CBS News partner network Sky News met a couple from Shandong province just a week after they say government officials stormed their home in the middle of the night, restrained Zhou Guoqiang and whisked his wife away to a government-run hospital.

Zhou told Sky's correspondent Mark Stone that he begged to pay the fine to get an exemption from the controversial population control policy, but by the time he made it to the hospital, his wife Liu Xinwen had already been injected with drugs to kill their child.

The couple, who already have a 10-year-old son, is devastated.

One nurse on the maternity ward at the hospital talked to Stone about the case, but she insisted she could not say whether the abortion was forced or voluntary. "It is not my place to care," she told him.

China's "Family Planning" laws came into effect about three decades ago. They allow families in rural areas to have a second child if their first was a girl. Other couples are granted permission to expand their families for a fee, which can be exorbitant. There are heavy fines for violating the rules.
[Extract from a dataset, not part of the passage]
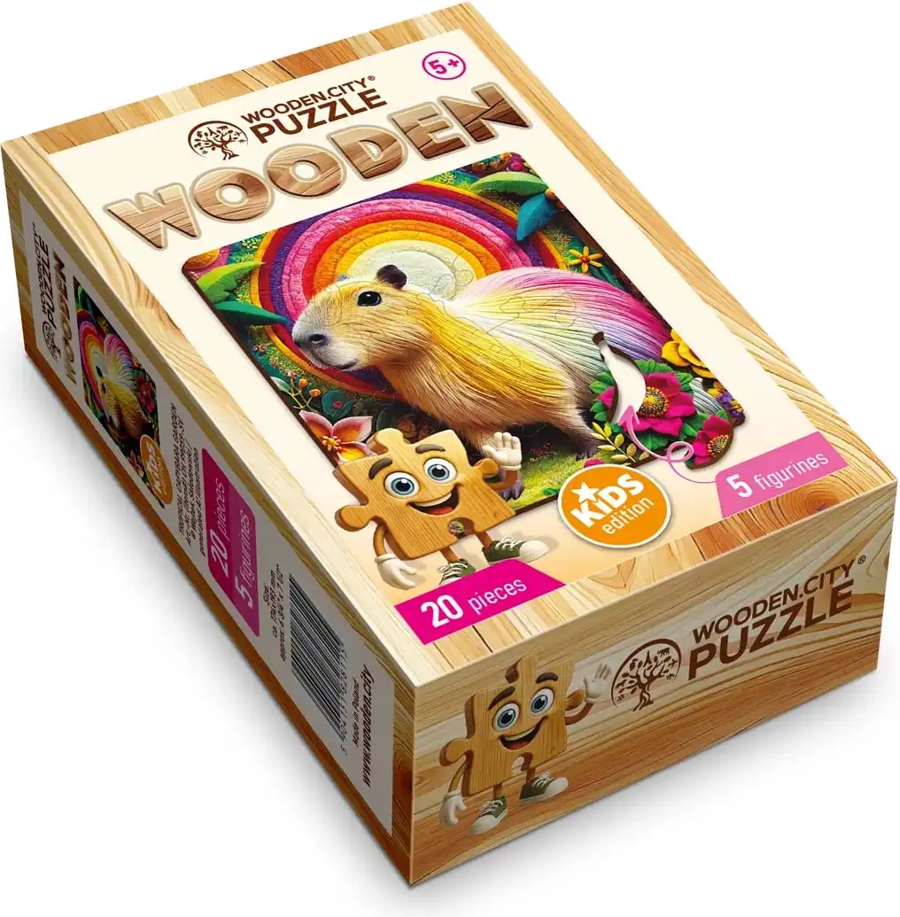 Opdag et sjovt og kvalitetsrigt træpuslespil med motiv af en kapybara, ideelt til børn og begyndere. Det byder på 20 solide brikker, hvoraf 5 er unikt formede, og takket være præcis laserskæring har brikkerne glatte kanter uden splinter. Puslespillet understøtter koncentration, tålmodighed og kreativitet, og der medfølger også en separat forlæg for lettere samling.

Forced abortions are illegal in China, but Stone says Liu's case highlights the fact that the rules are often enforced at the whim of the local Family Planning offices and the Communist Party officials who staff them. The local officials are reportedly given abortion quotas to meet if they want to see their careers advance.

Sky's request for comment on the story from China's central government went unanswered.

In July, a distraught man stabbed to death two officials at a Family Planning office in the southern Guangxi region. He confronted the officials after the office refused to issue his fourth child with a vital birth certificate-like document, because he couldn't afford to pay the fine.